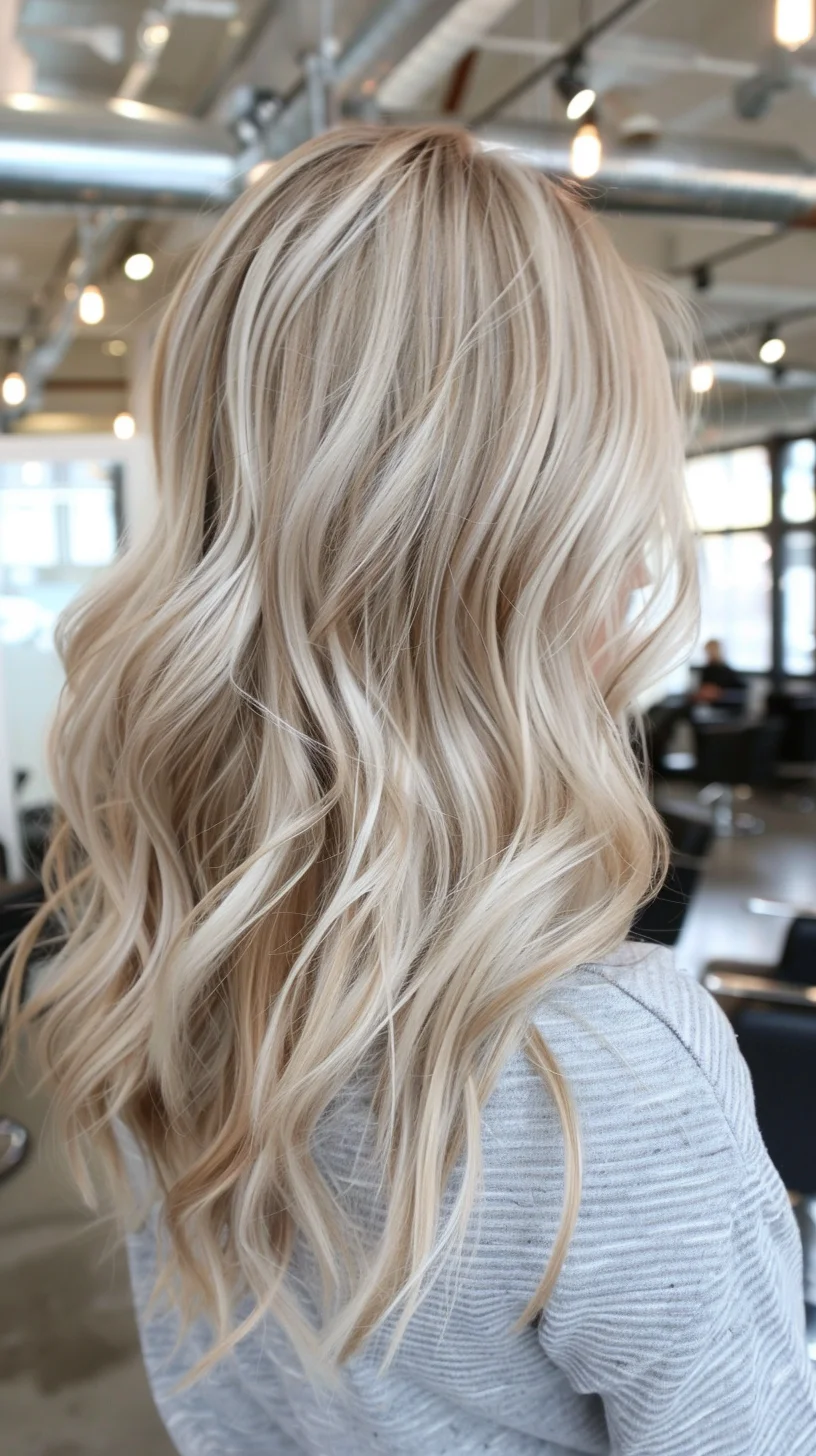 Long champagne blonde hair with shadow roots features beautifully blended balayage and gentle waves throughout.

--

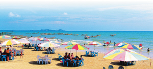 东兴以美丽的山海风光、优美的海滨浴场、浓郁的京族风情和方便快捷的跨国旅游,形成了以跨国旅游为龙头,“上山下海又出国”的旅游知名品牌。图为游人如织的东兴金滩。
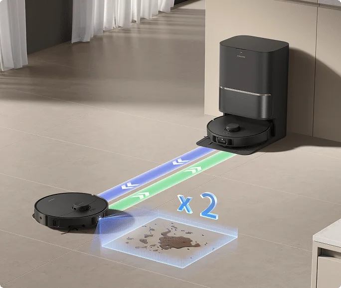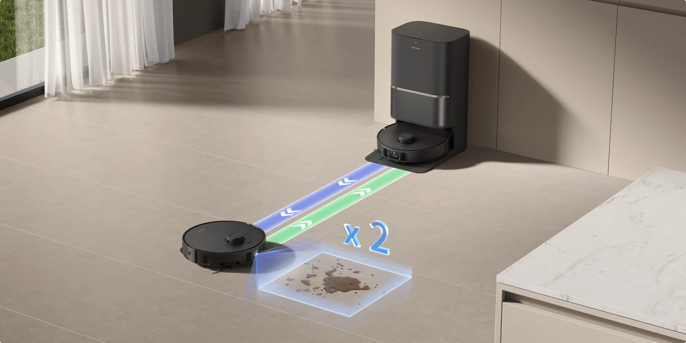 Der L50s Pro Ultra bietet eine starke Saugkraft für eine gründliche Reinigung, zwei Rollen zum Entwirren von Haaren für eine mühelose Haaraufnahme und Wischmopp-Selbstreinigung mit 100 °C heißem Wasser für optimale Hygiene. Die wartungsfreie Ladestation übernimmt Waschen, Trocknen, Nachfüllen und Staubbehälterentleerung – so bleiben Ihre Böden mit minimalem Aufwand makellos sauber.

### Task prompt
Beginning at the line that has "东兴以美丽的山海风光、优美的" and ending at the line that has "Der L50s Pro", restate the listing above word for word, pictures left out.

### Answer space
 东兴以美丽的山海风光、优美的海滨浴场、浓郁的京族风情和方便快捷的跨国旅游,形成了以跨国旅游为龙头,“上山下海又出国”的旅游知名品牌。图为游人如织的东兴金滩。
 Der L50s Pro Ultra bietet eine starke Saugkraft für eine gründliche Reinigung, zwei Rollen zum Entwirren von Haaren für eine mühelose Haaraufnahme und Wischmopp-Selbstreinigung mit 100 °C heißem Wasser für optimale Hygiene. Die wartungsfreie Ladestation übernimmt Waschen, Trocknen, Nachfüllen und Staubbehälterentleerung – so bleiben Ihre Böden mit minimalem Aufwand makellos sauber.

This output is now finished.